During training, Quill is introduced to Mitsuru Watanabe, a blind journalist who has relied on a white cane since losing his eyesight. Watanabe, at first, is skeptical about using a guide dog, but after walking with Quill for the first time, he realizes that he can travel faster and safer with the dog. Watanabe then undergoes training to work with Quill; most of the training involves learning English-language commands, so as to not confuse Quill when other people around him are talking in Japanese. He fails the final examination after not listening to Quill's warnings on obstacles, but they begin to work more cohesively for Watanabe to obtain his guide dog owner license. Quill moves in with Watanabe's family and works with his master for two years.
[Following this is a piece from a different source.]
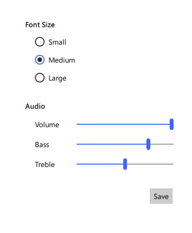 import QtQuick 2.12 import QtQuick.Controls 2.12 import QtQuick.Controls.Universal 2.12 ApplicationWindow { visible: true Universal.theme: Universal.Dark Universal.accent: Universal.Violet Column { anchors.centerIn: parent RadioButton { text: qsTr("Small") } RadioButton { text: qsTr("Medium"); checked: true } RadioButton { text: qsTr("Large") } } } |

Then one day, Watanabe is confined to the hospital when his diabetes takes its turn for the worse, resulting in kidney failure. Quill is returned to the training center, where he works as a demonstration dog for two years before finally reuniting with Watanabe. Their walk, however, is their final one, as Watanabe dies a few days later. Quill's third parting occurs after visiting Watanabe's funeral.
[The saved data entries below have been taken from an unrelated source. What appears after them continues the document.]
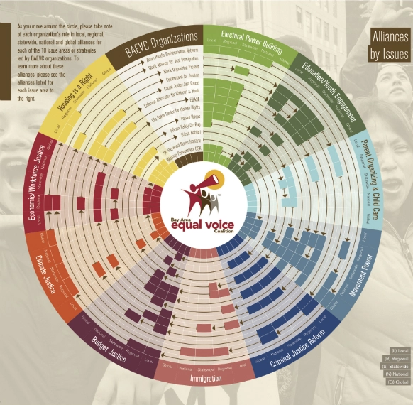 This Bay Area Equal Voice Network Alliance Map illustrates Marguerite Casey Foundation’s grantmaking model, which provides long-term, general-operating, multi-year grants to organizations to build broader alliances for systemic change at all levels: locally, regionally, statewide, and nationally. It also represents the areas where organizations are partnering to build scale and capacity.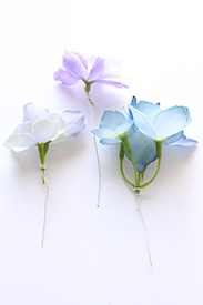 多少の花びらのめくれは仕方がありませんが、1側面で1~2花の顔がみえるようにアレンジします。(ピンセットや先端が細いペンチなどを使うと便利です)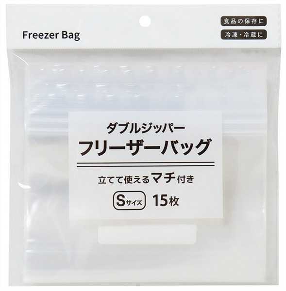 ダブルジッパーフリーザーバッグ マチ付き S(10×16×マチ4cm) 15枚入 (100円ショップ 100円均一 100均一 100均)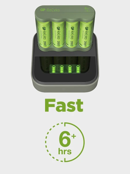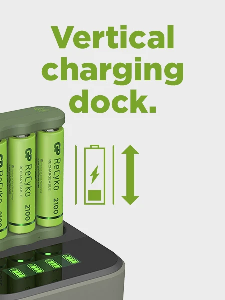 En tant que fabricant leader de batteries, nous voulons que vous rejoigniez notre révolution. Nous avons pris position pour un avenir plus vert en améliorant encore nos batteries rechargeables et chargeurs. En combinant les nouvelles technologies et l'accent mis sur la convivialité, nous présentons un nouveau concept rechargeable GP ReCyko. Maintenant, il est plus facile que jamais de recharger vos batteries.

Quill no longer works as a guide dog; instead, he becomes the center's demonstration dog for seven years before he is reunited with the Nii family. He lives a happy and peaceful life for a year, but one day, while playing at the backyard, he falls off a step and breaks several bones. As they look over a dying Quill throughout the night, the couple thank him and tell him to tell those in heaven who he is. Quill passes away at the age of 12 years, 25 days.

==Cast==
- Kaoru Kobayashi as Mitsuru Watanabe, the middle-aged blind master of Quill
- Kippei Shiina as Satoru Tawada, the trainer of Quill
- Kazu Matsuda as Etsuo Watanabe, the stubborn son of Watanabe
- Yukika Sakuratani as Mitsuko Watanabe, the daughter of Watanabe and the narrator of the story
- Keiko Toda as Watanabe's wife
- Teruyuki Kagawa as Isamu Nii, the male puppy walker of Quill
- Shinobu Terajima as Mitsuko Nii, the female puppy walker of Quill
- Hiroko Natori as Ren Mito, the first owner of Quill and the litter he was born with
- Mamoru Miyano

For the role of Quill, a Labrador named "Rafie" portrayed him throughout most of the film. "Chibichibiku" played the puppy Quill, "Beat" was three-month-old Quill and "Yuma" portrayed an elderly Quill, with a CG version portraying his accident toward the end of the film.

==Soundtrack==
The film's soundtrack, composed and recorded by the Kuricorder Quartet, consists of simple recorders mixed with acoustic instruments. The soundtrack album was released on March 10, 2004.

==Box office==
Quill was a commercial success becoming the 21st highest-grossing film in Japan of 2004 earning $19,270,242.

== Reception ==
The film received generally positive reviews. Based on 19 reviews collected by Rotten Tomatoes, the film holds an 80% rating and an average score of 6.7 out of 10. On Metacritic, the film has a 60 out of 100, based on reviews from 8 critics.

Roger Ebert scored the film at three out of four, commenting that it "doesn't use fake closeups to show the dog being cute or funny. It doesn't dub Quill's 'dialogue' or even worse, use CGI to move his jaw and show him 'speaking.' Quill is a dog, and that is quite enough.". David Nusair of Reelfilm gave the film two-and-a-half out of four, saying that "while the movie does occasionally seem to dwell unnecessarily on some of the more unpleasant aspects of Quill's life, this is the sort of movie kids will probably enjoy more than adults (yet grown-ups can easily watch this without checking the old watch every couple of minutes)".

==Home media==
The film was released on DVD in the U.S. as Quill: The Life of a Guide Dog by Music Box Films on July 10, 2012.